Problem details -
Your answer must be the exact lines below, starting with the line with "Im Anschluss stürmten" and going on through the line with "De keuken gaat", both included, with no pictures.

Data under study -
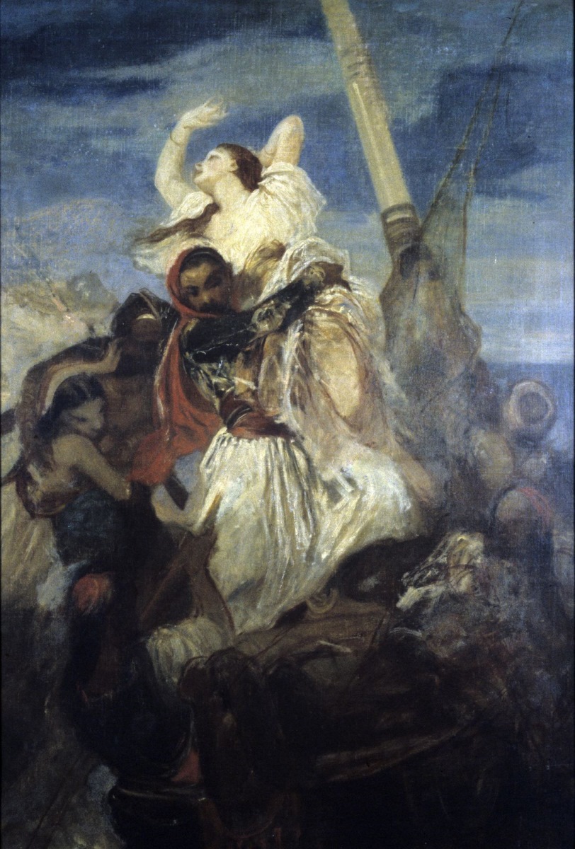 Huile sur toile ; Deux femmes sont enlevées en barque par des pirates.
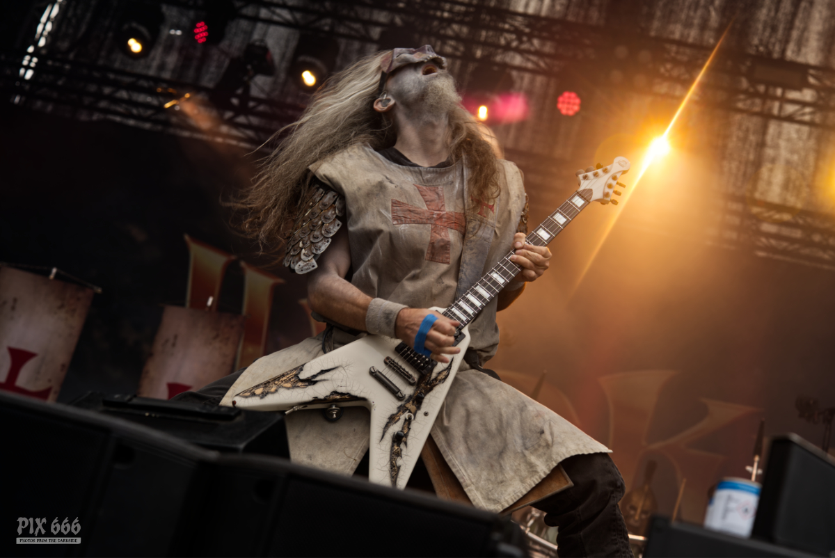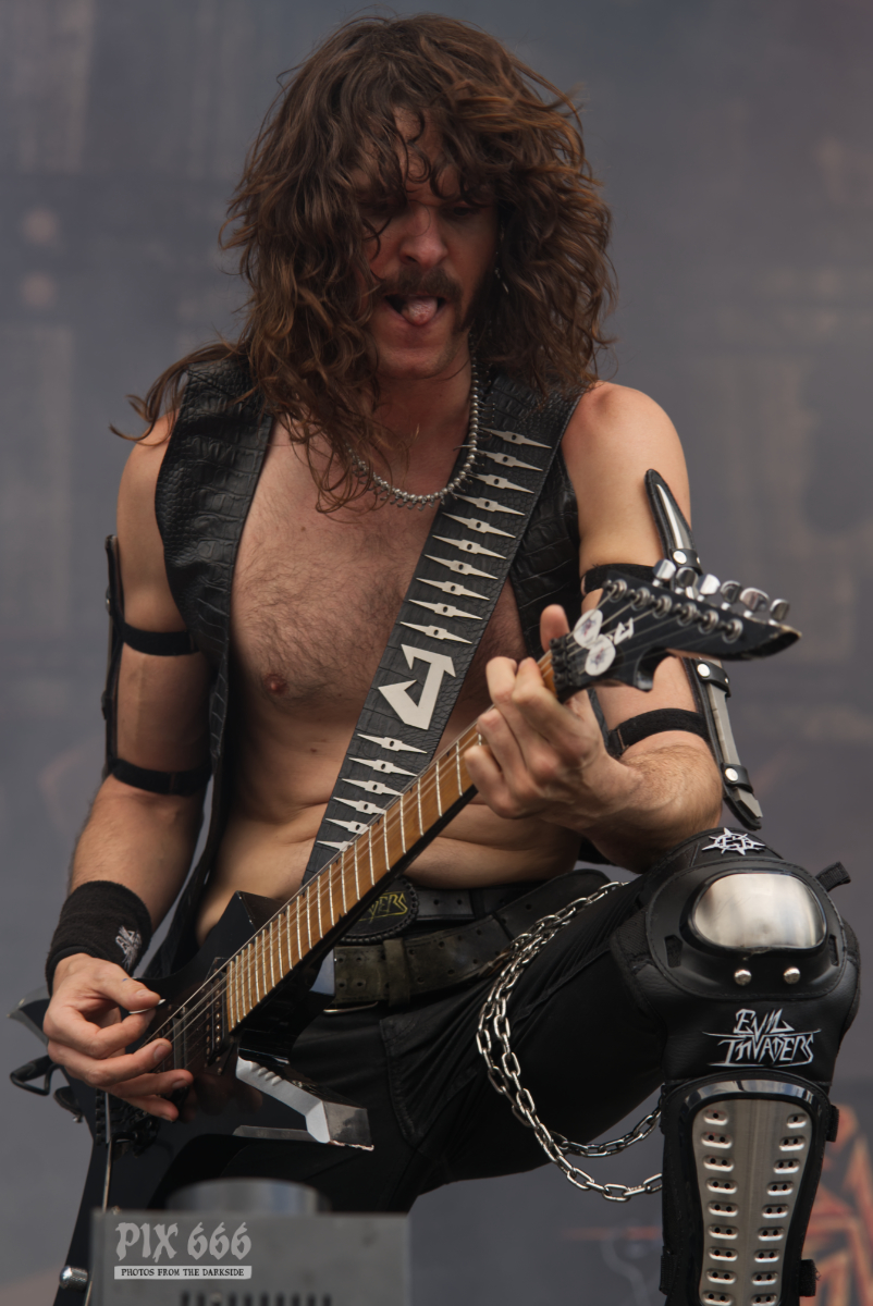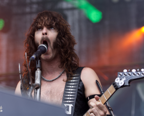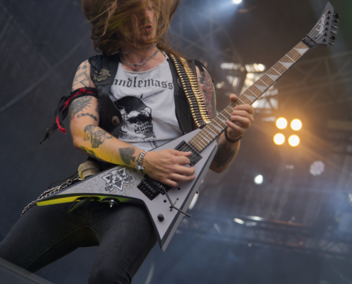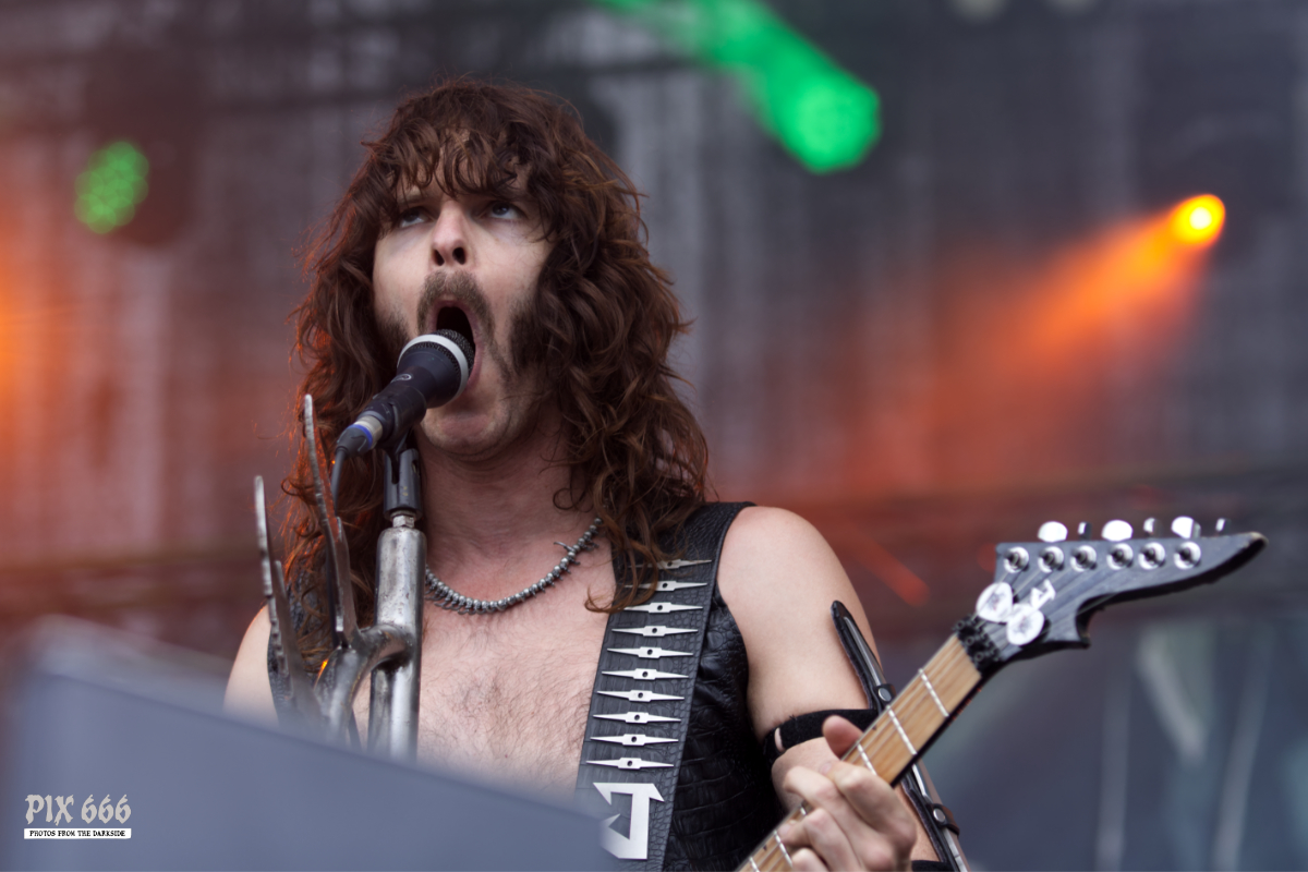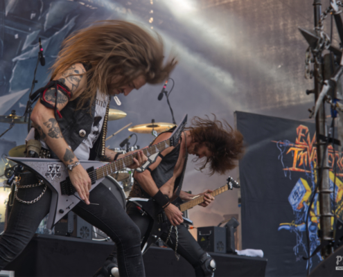 Im Anschluss stürmten Tailgunner die Bühne und lieferten eine der energiegeladensten Performances des gesamten Wochenendes. Die britische Band, die sich dem klassischen Heavy Metal mit einer modernen Kante verschrieben hat, trat am späten Nachmittag auf und verwandelte das Festivalgelände innerhalb kürzester Zeit in ein headbangendes Meer aus Kutten, Luftgitarren und geballten Fäusten. Schon beim ersten Song war klar, dass Tailgunner nicht einfach nur ihre Songs herunterspielen, sondern das Publikum mitreißen wollen – und das gelang ihnen mit beeindruckender Leichtigkeit. Die Band war in bestechender Form – Sänger Craig Cairns überzeugte mit seiner kraftvollen, melodischen Stimme, die stellenweise an Iron Maiden erinnerte. Tailgunner waren mit sehr viel Energie und Spaß bei der Sache und steckte das Publikum an – coole Frisuren und Outfits sorgten auch optisch für das perfekte Heavy Metal Feeling. „Wir spielen jetzt den Titelsong unseres Albums, macht Lärm“ hieß es dann. Die Metalfans ließen sich natürlich nicht zweimal bitten und verwandelten das Festivalgelände in eine Metalarena. Auch die Band war von den wilden Fans begeistert: Ihr wart unglaublich, vielen Dank.“
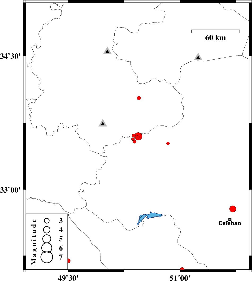 2013/04/24 03:08:25.3 07:38:25.3 33.650.449 ML:4.6 Esfahan Province, 21 km North-East of Golpayegan
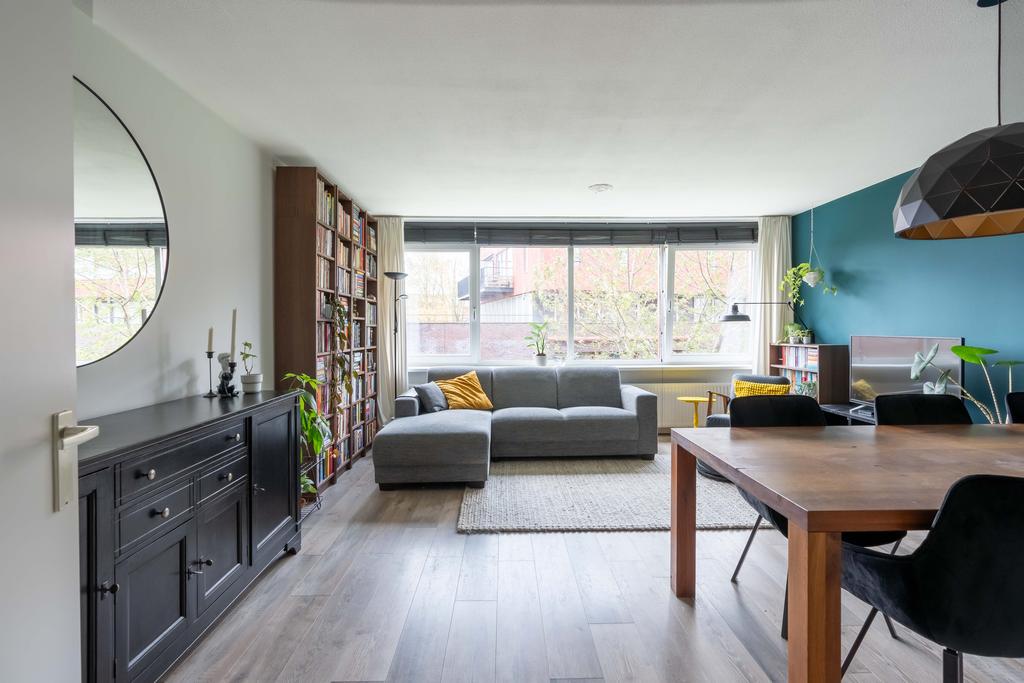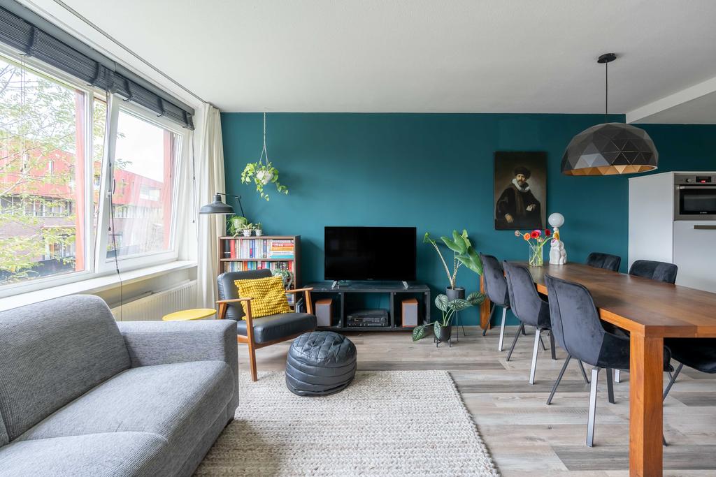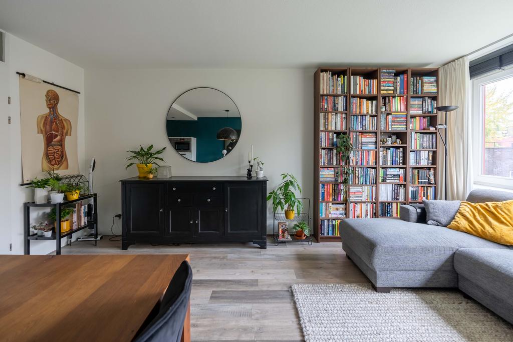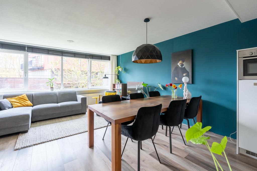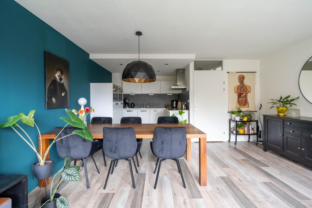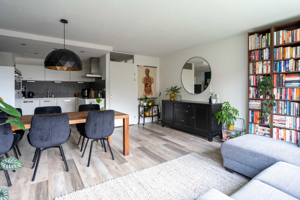 De keuken gaat over in de woonkamer met plek voor zowel een eethoek als een tv-hoek. De grote raampartij is gericht op het westen wat zorgt voor een fijne lichtinval.
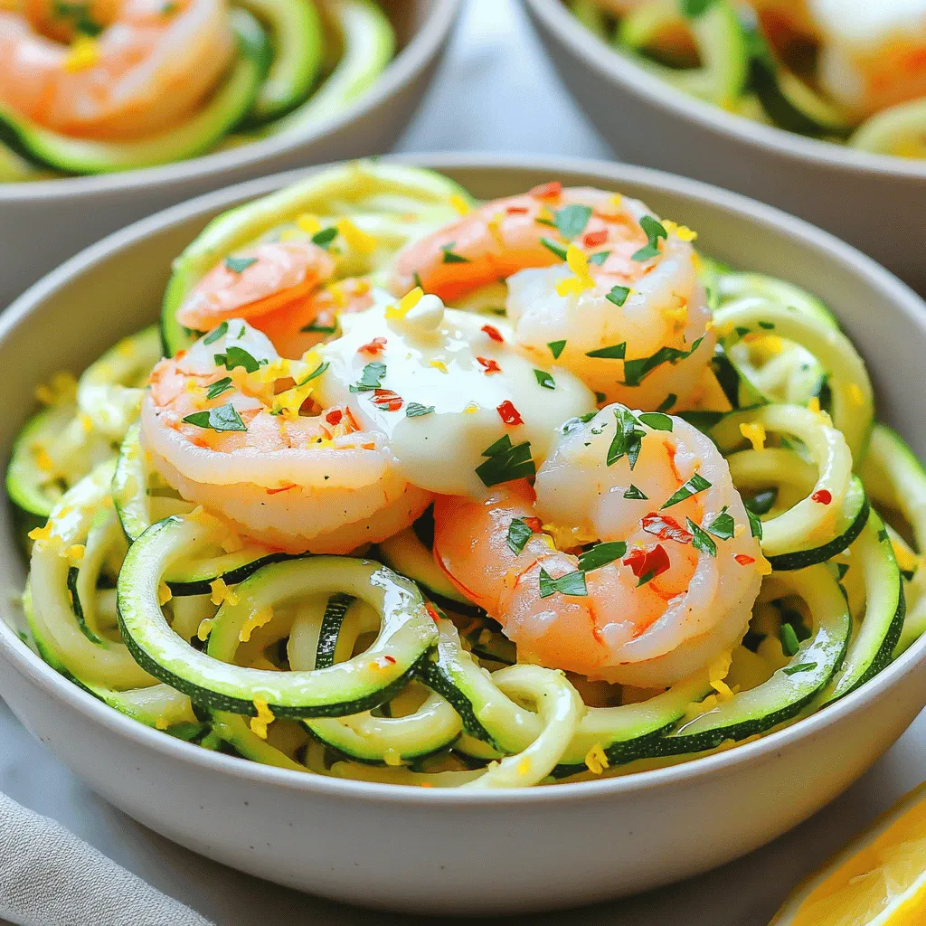 - 2 medium zucchinis, spiralized into noodles - 1 pound medium shrimp, peeled and deveined - 4 tablespoons unsalted butter - 4 cloves garlic, minced - 1 teaspoon red pepper flakes (adjust to taste) - 1 lemon, juiced and zested - 1/4 cup fresh parsley, chopped - Salt and pepper to taste - Optional: Grated Parmesan cheese for serving To make Minute Shrimp Scampi Zucchini Noodles, you need fresh, simple ingredients. Start with two medium zucchinis. Spiralize them to create noodle-like shapes. This step adds a fun twist to your meal. You will also need one pound of medium shrimp. Ensure they are peeled and deveined for easier cooking. Fresh shrimp make this dish shine. Next, gather four tablespoons of unsalted butter. This adds rich flavor and helps sauté the garlic. Four cloves of minced garlic bring a strong, tasty punch. Garlic is a key part of scampi. For heat, use one teaspoon of red pepper flakes. You can adjust this based on your spice preference. One lemon is essential. You’ll use both the juice and zest. The lemon brightens the dish and balances flavors. Add one-fourth cup of chopped fresh parsley for color and freshness. It also enhances the taste. Finally, don’t forget salt and pepper to taste. These basic seasonings bring out the best in each ingredient. Optionally, you can sprinkle some grated Parmesan cheese on top when serving. It adds a creamy, salty finish that many enjoy. With these ingredients, you are ready to make a delicious, quick meal! Spiralizing Zucchini Use a spiralizer to turn the zucchinis into noodles. Choose medium zucchinis for the best texture. Hold the zucchini firmly and twist it in the spiralizer. You will see long, thin noodles form quickly. This method makes the dish light and fun. Setting Aside Prepared Noodles Once spiralized, set the zucchini noodles aside. Place them in a bowl and cover them to keep them fresh. You want them ready for mixing later. This step lets the noodles maintain their crunch. Melting Butter and Sautéing Garlic In a large skillet, melt four tablespoons of butter over medium heat. Once the butter melts, add four minced garlic cloves and one teaspoon of red pepper flakes. Cook for about one minute. The kitchen will smell amazing! Be careful not to burn the garlic, as it can become bitter. Cooking Shrimp Properly Next, add one pound of peeled and deveined shrimp to the skillet. Season them with salt and pepper. Cook the shrimp for two to three minutes on one side. They will turn pink when ready. Flip them over and squeeze half a lemon over them. Cook for another two minutes to ensure they are fully cooked. Incorporating Zucchini Now, it is time to add the zucchini noodles to the skillet. Toss them gently with the cooked shrimp. Cook everything together for about two minutes. This step helps the flavors blend beautifully. The noodles should be just tender at this point. Adding Lemon and Parsley Remove the skillet from the heat. Stir in the zest of one lemon and a quarter cup of chopped fresh parsley. Taste the dish and adjust the seasoning with more salt, pepper, or lemon juice if needed. This adds brightness and freshness to your meal. - Adjusting Red Pepper Flakes: Start with 1 teaspoon of red pepper flakes. If you like more heat, add more. If you want less spice, use half. This helps you find your perfect balance. - Balancing Lemon Juice: Lemon adds brightness. I squeeze half a lemon over the shrimp while cooking. Taste it! If it needs more tang, add the other half. Zest the lemon for added flavor too. - Avoiding Overcooked Shrimp: Shrimp cook quickly. Watch closely! Cook them just until they turn pink. Overcooked shrimp are tough and chewy. - Perfecting Zucchini Texture: Zucchini noodles cook fast. Toss them in with the shrimp for just 2 minutes. This keeps them firm and bright, not mushy. - Garnishing Ideas: A sprinkle of fresh parsley brightens the dish. Grate some Parmesan cheese on top for a creamy touch. Add extra lemon zest for a pop of flavor. - Pairing with Sides: Serve with a crisp salad or garlic bread. These sides complement the scampi well and add to your meal experience. {{image_2}} You can switch the shrimp for chicken or tofu. Chicken works well in this dish. Use 1 pound of chicken breast, cut into bite-sized pieces. Cook it in the same way as the shrimp. Tofu is a great choice too. Use firm tofu and press it to remove extra water. Cut it into cubes and sauté until golden. You can also try other seafood. Scallops or mussels can give a different taste. Just cook them the same way as the shrimp. Adjust the cooking time as needed. Make sure they are fully cooked for safety. If you want a different base, try spaghetti squash. It has a mild flavor and a fun texture. Roast the squash, then scrape it out with a fork. It makes a great noodle substitute. Other vegetable noodles work, too. Carrot noodles or sweet potato noodles add color and taste. You can buy them pre-made or spiralize your own. Just remember to adjust cooking time for different noodles. You can boost your dish with extra veggies. Try adding cherry tomatoes, spinach, or bell peppers. They add color and nutrition. Sauté them with the garlic before adding the shrimp. Herbs and spices can enhance the flavor. Basil and oregano work well with this dish. You can also add more red pepper flakes for heat. Just sprinkle them in as you cook, tasting as you go. Refrigerating Shrimp Scampi Store leftover shrimp scampi in an airtight container. Place it in the fridge within two hours of cooking. It stays fresh for up to three days. The flavors will blend nicely as it chills. However, keep the zucchini noodles separate if you can. This helps them stay firm. Freezing Tips You can freeze shrimp scampi too. Use a freezer-safe container or bag. Make sure to remove as much air as possible. It will last for about two months. When you’re ready to eat, thaw it in the fridge overnight. It’s best to reheat it on the stove for even heating. Best Methods for Reheating Th

Exercise solution -
 Im Anschluss stürmten Tailgunner die Bühne und lieferten eine der energiegeladensten Performances des gesamten Wochenendes. Die britische Band, die sich dem klassischen Heavy Metal mit einer modernen Kante verschrieben hat, trat am späten Nachmittag auf und verwandelte das Festivalgelände innerhalb kürzester Zeit in ein headbangendes Meer aus Kutten, Luftgitarren und geballten Fäusten. Schon beim ersten Song war klar, dass Tailgunner nicht einfach nur ihre Songs herunterspielen, sondern das Publikum mitreißen wollen – und das gelang ihnen mit beeindruckender Leichtigkeit. Die Band war in bestechender Form – Sänger Craig Cairns überzeugte mit seiner kraftvollen, melodischen Stimme, die stellenweise an Iron Maiden erinnerte. Tailgunner waren mit sehr viel Energie und Spaß bei der Sache und steckte das Publikum an – coole Frisuren und Outfits sorgten auch optisch für das perfekte Heavy Metal Feeling. „Wir spielen jetzt den Titelsong unseres Albums, macht Lärm“ hieß es dann. Die Metalfans ließen sich natürlich nicht zweimal bitten und verwandelten das Festivalgelände in eine Metalarena. Auch die Band war von den wilden Fans begeistert: Ihr wart unglaublich, vielen Dank.“
 2013/04/24 03:08:25.3 07:38:25.3 33.650.449 ML:4.6 Esfahan Province, 21 km North-East of Golpayegan
 De keuken gaat over in de woonkamer met plek voor zowel een eethoek als een tv-hoek. De grote raampartij is gericht op het westen wat zorgt voor een fijne lichtinval.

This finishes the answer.